Ryerson archery club taking aim

The Ryerson archery club is up and running and students can now learn to channel their inner Legolas or Katniss Everdeen without the fear of taking someone’s eye out.

Samson Wong, a second-year industrial engineering student, originally brought up the idea for the club last January in a thread on the Ryerson section of Reddit.

“There’s definitely more membership than we expected,” Wong says. “We actually have to stop accepting new members.”

When he submitted his proposal to the athletics co-ordinator, Wong discovered that another student at the time, engineering student Jodh Anandjit, was also interested in starting an archery club.

They worked together to make it happen.

“We got to know each other, we got to know more about the community,” Wong says. “We started a Facebook page and posted posters. … That way we could show the funding committee that there is (a) community that wants this and prove to them that it can be successful.”

Randy Pipher, the intramural clubs co-ordinator, says he was surprised by the amount of interest.

“I knew there was interest but I didn’t expect it to be quite this overwhelming,” Pipher says. “We initially thought there would be 20 or 30 people but we had 50 sign up in the first week.”

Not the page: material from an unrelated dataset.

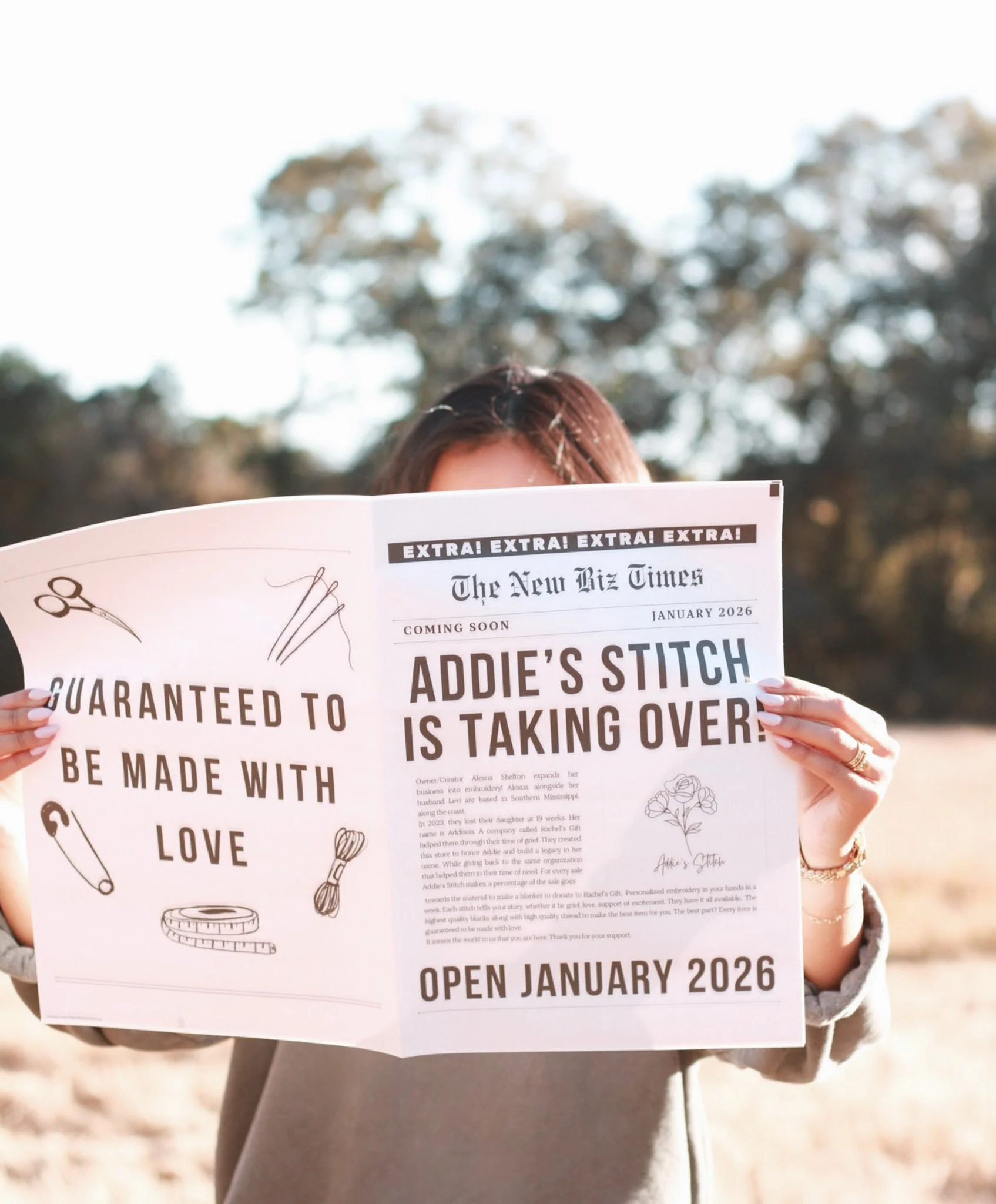 In 2023, we lost our daughter at 19 weeks. Her name is Addison. A company called Rachel’s Gift helped us through our time of grief. We created this store to honor Addie and build a legacy in her name. While giving back to the same organization that helped us in our time of need. For every sale Addie’s Stitch makes, a percentage of the sale goes towards the material to make a blanket to donate to Rachel’s Gift.

For safety and proper instruction purposes signups are closed for now.

Archers of any skill can take aim at the club, which occupies the Kerr Hall West lower gym three days a week. Wong says there is no experience necessary. They teach new members and give enthusiasts a place to try their craft in the winter.

Jimmy Kang, who shoots at a range near the Ontario Science Centre, was asked to coach the club in the fall. Wong says they chose him because his curriculum best fit teaching archers of all abilities.

Having a place to practise at Ryerson alleviates the need to travel elsewhere to do so. Ranges are few and far between due to a lack of archers.

Arash Mouahedi, a second-year student, says the sport is hard to get into because of barriers like price and safety.

“People see someone with a bow and think they are dangerous,” says Mouahedi. But he insists it’s safe.

Composite bows fully collapse into different pieces: the riser, two limbs and the string. More expensive professional bows have stabilizers.

To purchase these pieces can cost a hefty amount. Risers alone can go for upwards of $300, and a professional setup can go for more than double that.

The archery club costs $45 for members of the Mattamy Athletic Centre and Recreation and Athletics Centre. It costs $60 for non-members. The option to attend a one-time $10 session was closed due to high enrolment.

The university provides equipment but members are welcome to bring their own.

The club operates on Mondays from 4 to 7 p.m., and on Wednesdays and Thursdays from 4 to 6 p.m.

Pipher is optimistic about the club’s future.

“We’re still new to it as well, but we’re weighing the positives and negatives with all our clubs right now and who knows, maybe in the future archery could expand,” he said.